■ **Activity**:
Transcribe the listing below verbatim, omitting pictures.

■ **Dataset section**:
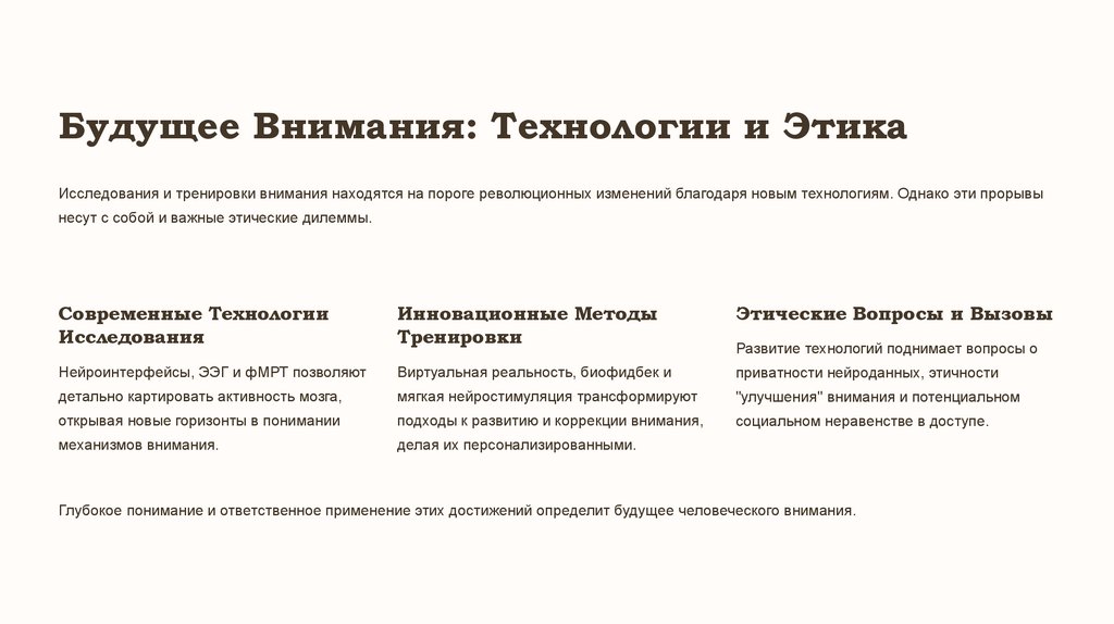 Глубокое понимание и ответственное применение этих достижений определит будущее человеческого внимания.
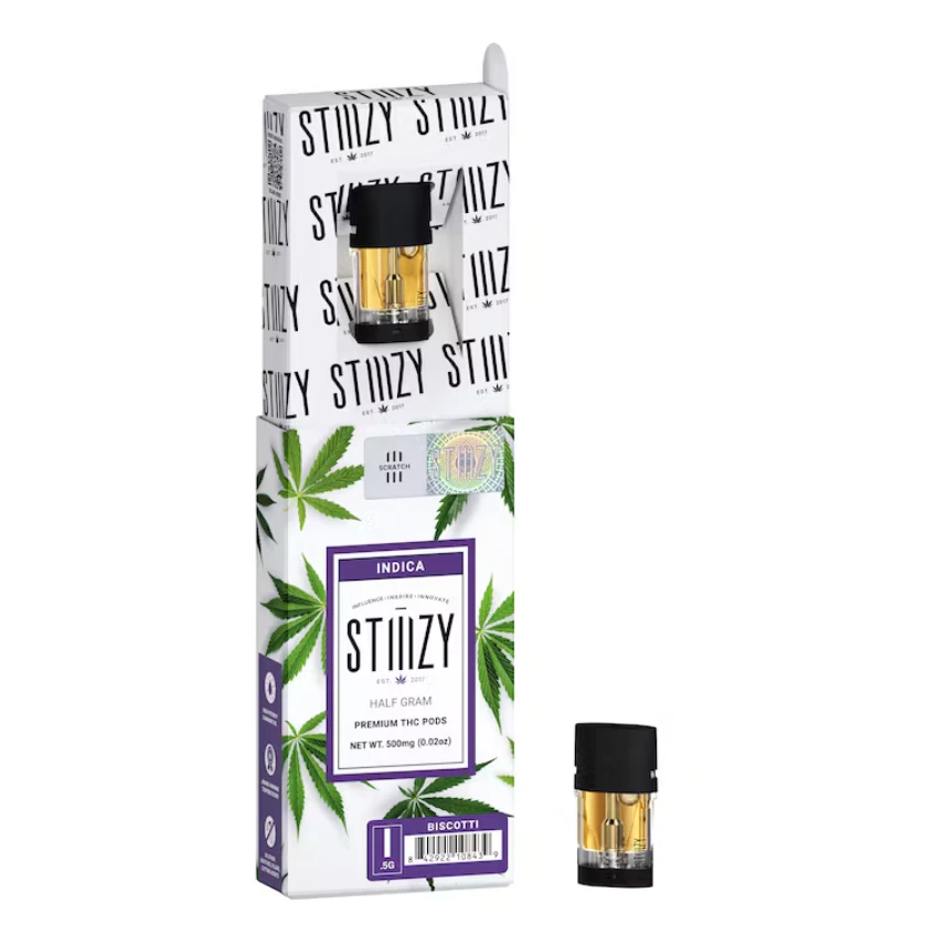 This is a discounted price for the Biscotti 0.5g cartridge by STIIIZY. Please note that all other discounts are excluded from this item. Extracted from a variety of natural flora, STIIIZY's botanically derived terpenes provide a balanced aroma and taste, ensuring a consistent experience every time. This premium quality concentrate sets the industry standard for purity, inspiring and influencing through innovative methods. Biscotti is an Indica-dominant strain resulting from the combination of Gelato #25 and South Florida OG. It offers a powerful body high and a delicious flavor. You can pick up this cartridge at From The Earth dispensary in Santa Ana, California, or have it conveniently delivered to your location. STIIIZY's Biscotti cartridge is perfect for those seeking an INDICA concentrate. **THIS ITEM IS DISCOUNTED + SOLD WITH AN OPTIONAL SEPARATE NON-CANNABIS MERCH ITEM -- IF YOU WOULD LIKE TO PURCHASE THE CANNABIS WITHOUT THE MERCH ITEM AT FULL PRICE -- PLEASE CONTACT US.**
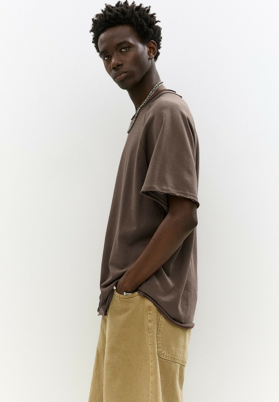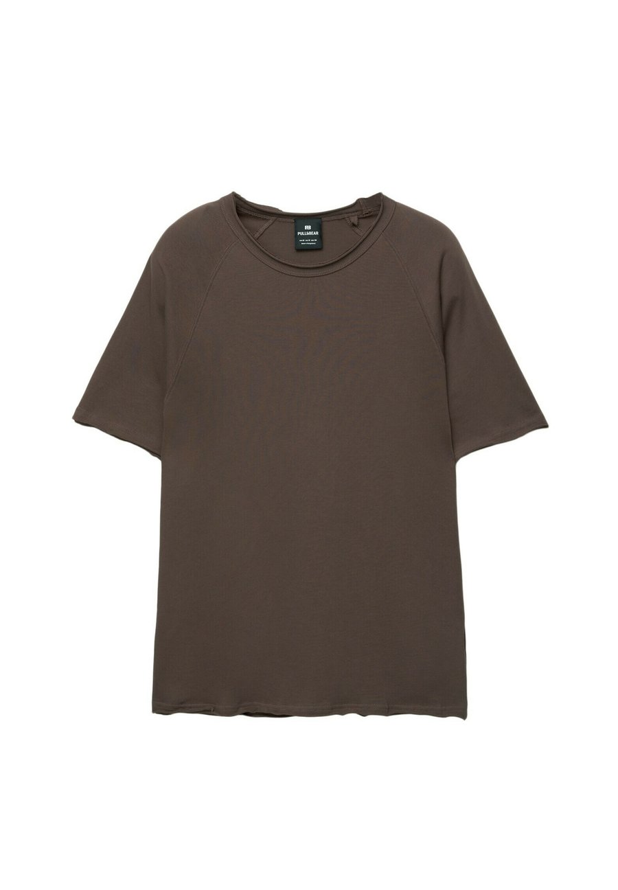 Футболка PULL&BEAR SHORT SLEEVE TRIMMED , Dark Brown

■ **Output of the task**:
 Глубокое понимание и ответственное применение этих достижений определит будущее человеческого внимания.
 This is a discounted price for the Biscotti 0.5g cartridge by STIIIZY. Please note that all other discounts are excluded from this item. Extracted from a variety of natural flora, STIIIZY's botanically derived terpenes provide a balanced aroma and taste, ensuring a consistent experience every time. This premium quality concentrate sets the industry standard for purity, inspiring and influencing through innovative methods. Biscotti is an Indica-dominant strain resulting from the combination of Gelato #25 and South Florida OG. It offers a powerful body high and a delicious flavor. You can pick up this cartridge at From The Earth dispensary in Santa Ana, California, or have it conveniently delivered to your location. STIIIZY's Biscotti cartridge is perfect for those seeking an INDICA concentrate. **THIS ITEM IS DISCOUNTED + SOLD WITH AN OPTIONAL SEPARATE NON-CANNABIS MERCH ITEM -- IF YOU WOULD LIKE TO PURCHASE THE CANNABIS WITHOUT THE MERCH ITEM AT FULL PRICE -- PLEASE CONTACT US.**
 Футболка PULL&BEAR SHORT SLEEVE TRIMMED , Dark Brown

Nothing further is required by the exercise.